* [Your instructions]: Would you transcribe the records below from the line with "9. Na aba Certificado" to the line with "N666 Chopin 19", ends included, exactly and with nothing more, leaving the pictures out?

* [Source data]:
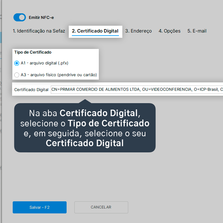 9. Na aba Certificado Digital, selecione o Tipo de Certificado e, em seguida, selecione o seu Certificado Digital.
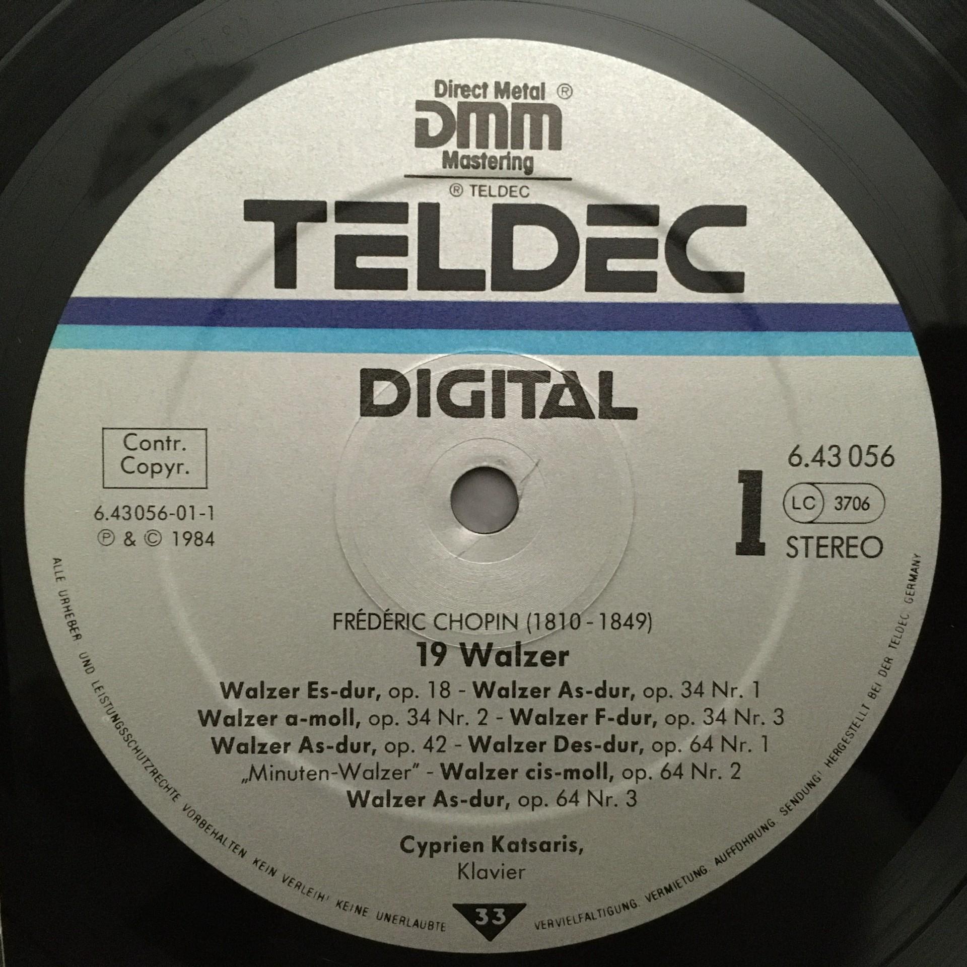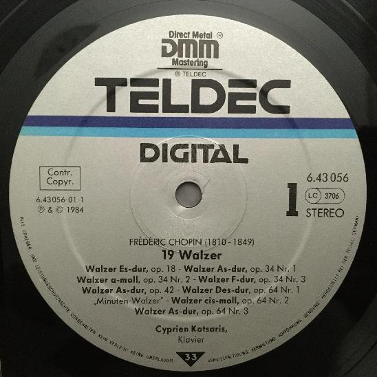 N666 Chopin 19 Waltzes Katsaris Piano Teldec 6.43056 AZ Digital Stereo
==
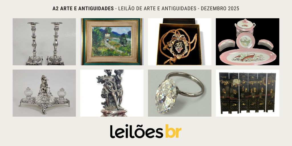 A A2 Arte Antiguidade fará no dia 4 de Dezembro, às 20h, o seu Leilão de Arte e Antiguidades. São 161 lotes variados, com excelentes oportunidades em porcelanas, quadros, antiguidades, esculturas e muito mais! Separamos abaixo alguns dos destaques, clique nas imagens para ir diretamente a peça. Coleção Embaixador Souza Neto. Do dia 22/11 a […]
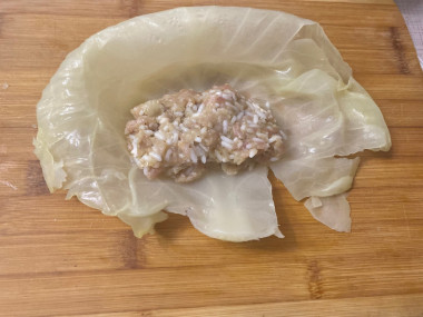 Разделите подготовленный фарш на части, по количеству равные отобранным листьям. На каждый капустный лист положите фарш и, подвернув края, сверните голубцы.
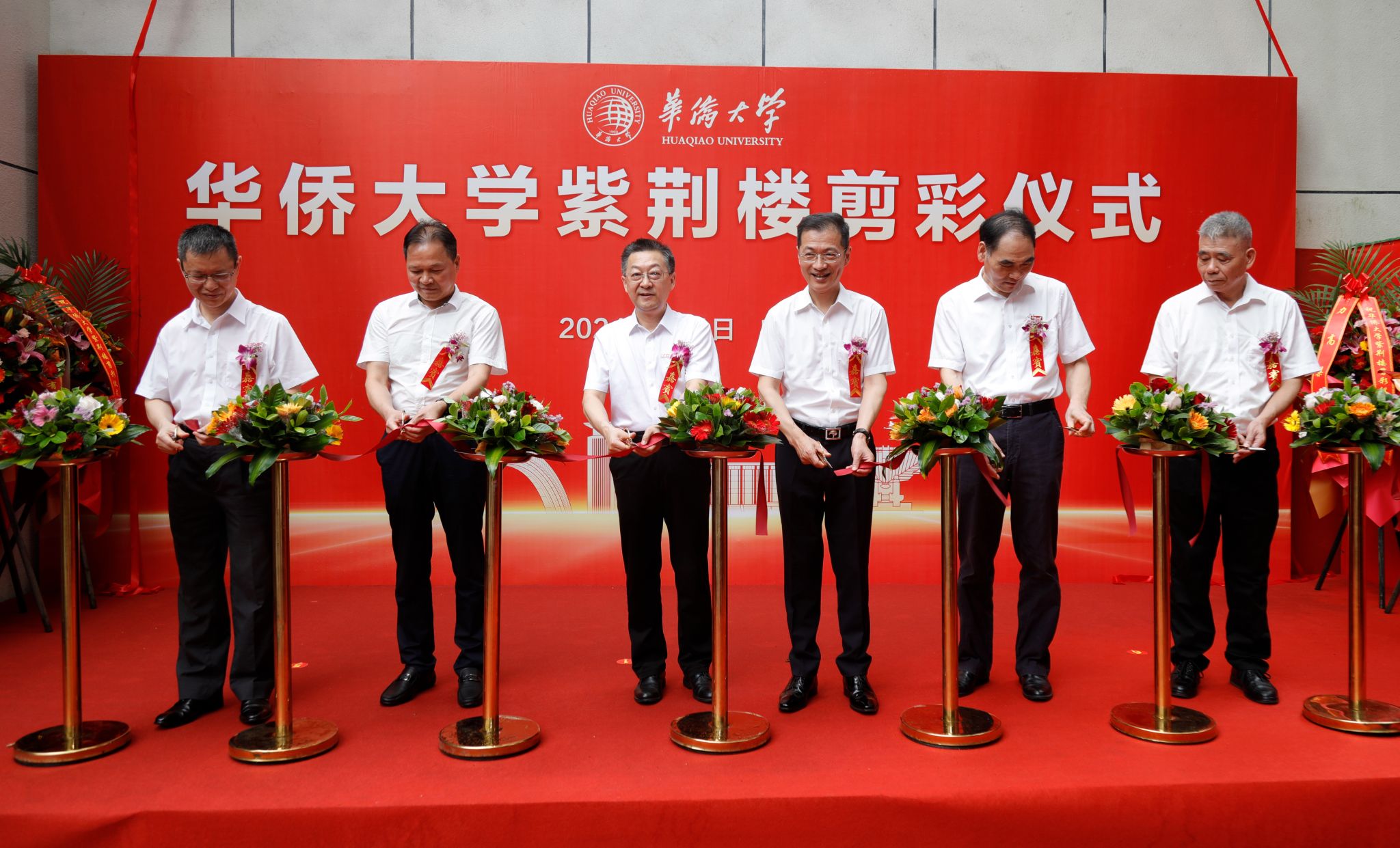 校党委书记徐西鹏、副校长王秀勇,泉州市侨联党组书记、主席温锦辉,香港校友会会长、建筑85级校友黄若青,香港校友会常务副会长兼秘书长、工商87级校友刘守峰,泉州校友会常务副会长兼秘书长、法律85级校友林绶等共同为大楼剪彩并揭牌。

* [Result]:
 9. Na aba Certificado Digital, selecione o Tipo de Certificado e, em seguida, selecione o seu Certificado Digital.
 N666 Chopin 19 Waltzes Katsaris Piano Teldec 6.43056 AZ Digital Stereo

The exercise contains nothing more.